“Don’t hit a man when he is down!” Last week the old adage was taken a step further. The European Union, knocked to the ground by the Eurozone crisis, has been raised to its feet and given the Nobel Peace Prize. No prize can end a great financial crisis but it can help us see the broader picture in Europe.
Over the ages of history Europe has had more wars than any other part of the globe. Some of its countries, noticeably Britain, are truly warrior nations.
But in the last 67 years, since the end of the immensely bloody Second World War, war inside the European Union and its affiliated European Economic Area has ceased. This is probably the longest period of peace in Europe’s history. For most of the last two millennia there was a war on average every 20 or 30 years. Now Europe itself is the largest peaceful part of the world.
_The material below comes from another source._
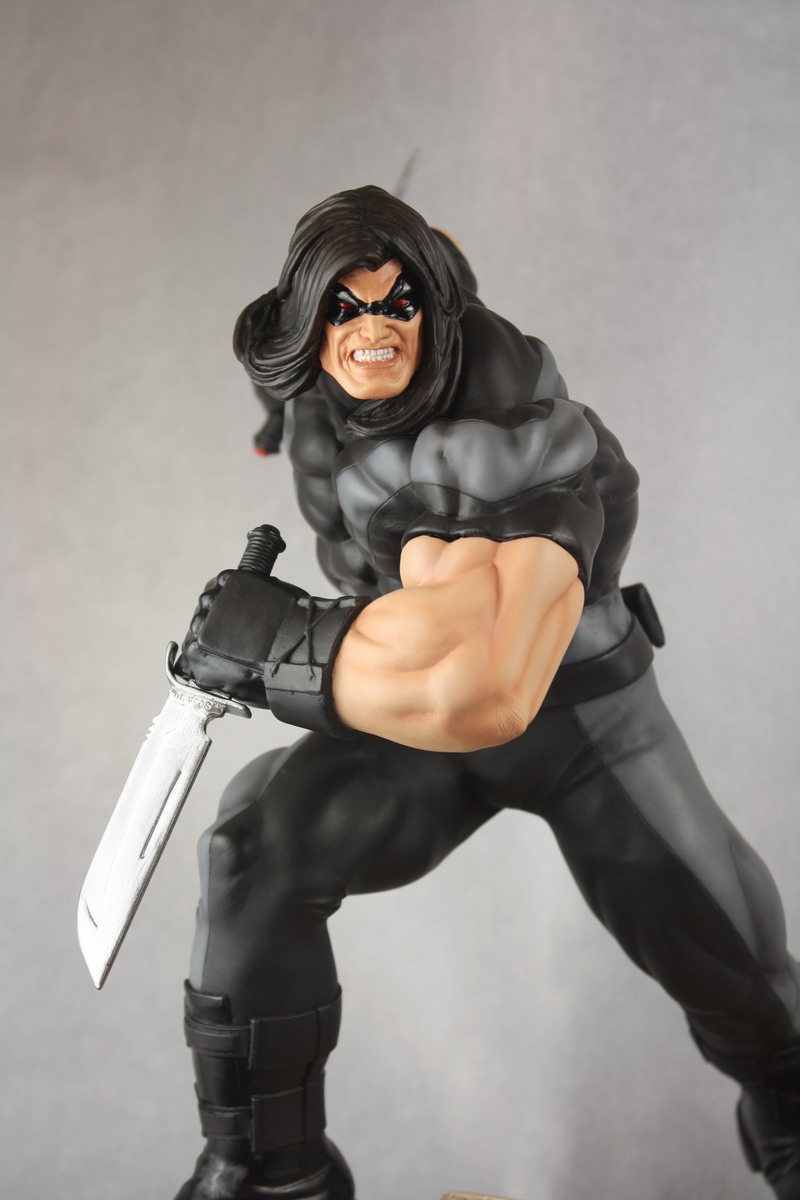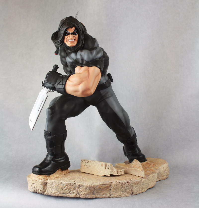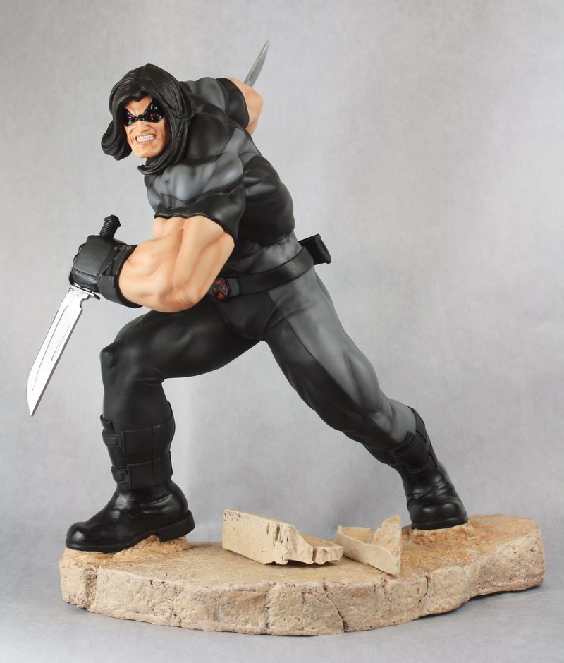 Warpath (below) is the third in a series of all-new X-Force Fine Art Statues. Sculpted by Erick Sosa with a pose and concept based on an original design by the "Silva Brothers," Warpath stands nearly 12 inches tall (in 1/6th scale). The mutant heros base is a special georama terrain inspired by the battle-damaged Apocalypse Temple. Coming in August priced at a SRP of $199.99.

Unfortunately as Mark Leonard wrote in his short but highly cogent book, “Why Europe Will Run The 21st Century”: “The historians tell a different story from journalists but the journalists dictate the current debate”. Hence the continuous downbeat imaging of European affairs and the playing down of why the EU was created.
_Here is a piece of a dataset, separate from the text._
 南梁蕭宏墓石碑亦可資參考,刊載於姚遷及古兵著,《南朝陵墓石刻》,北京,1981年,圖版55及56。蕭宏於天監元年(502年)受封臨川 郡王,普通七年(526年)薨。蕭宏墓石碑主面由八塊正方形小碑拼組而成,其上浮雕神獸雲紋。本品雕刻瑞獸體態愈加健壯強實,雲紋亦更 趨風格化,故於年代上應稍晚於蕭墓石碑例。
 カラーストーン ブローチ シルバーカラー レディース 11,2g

Too many journalists have lost sight of Europe’s history- the many hundreds of years of bloody warfare that have now been replaced by endless committees, mountains of paper and peripatetic translators. This is, admittedly, the most difficult kind of story to write an interesting copy on. No longer, two world wars later, are journalists able to follow the formula, “if it bleeds, it leads”. Bleeding is out, committees are in.
Second, many journalists are temperamentally given to look at our world through American eyes. So we misunderstand Europe’s power. It is too often thought that because Europe is militarily much weaker than the US that it is not as important as America. But Europe’s strength is that it is a network rather than a state.
Europe has what Leonard describes as “an invisible hand”. Its power comes from its quiet law-making on half the laws that Europeans live by, on a range of issues from agriculture to monetary policy- which it does with a number of civil servants that is only about the same as a major city like Manchester or Berlin. European common standards are implemented mainly through national parliaments and institutions.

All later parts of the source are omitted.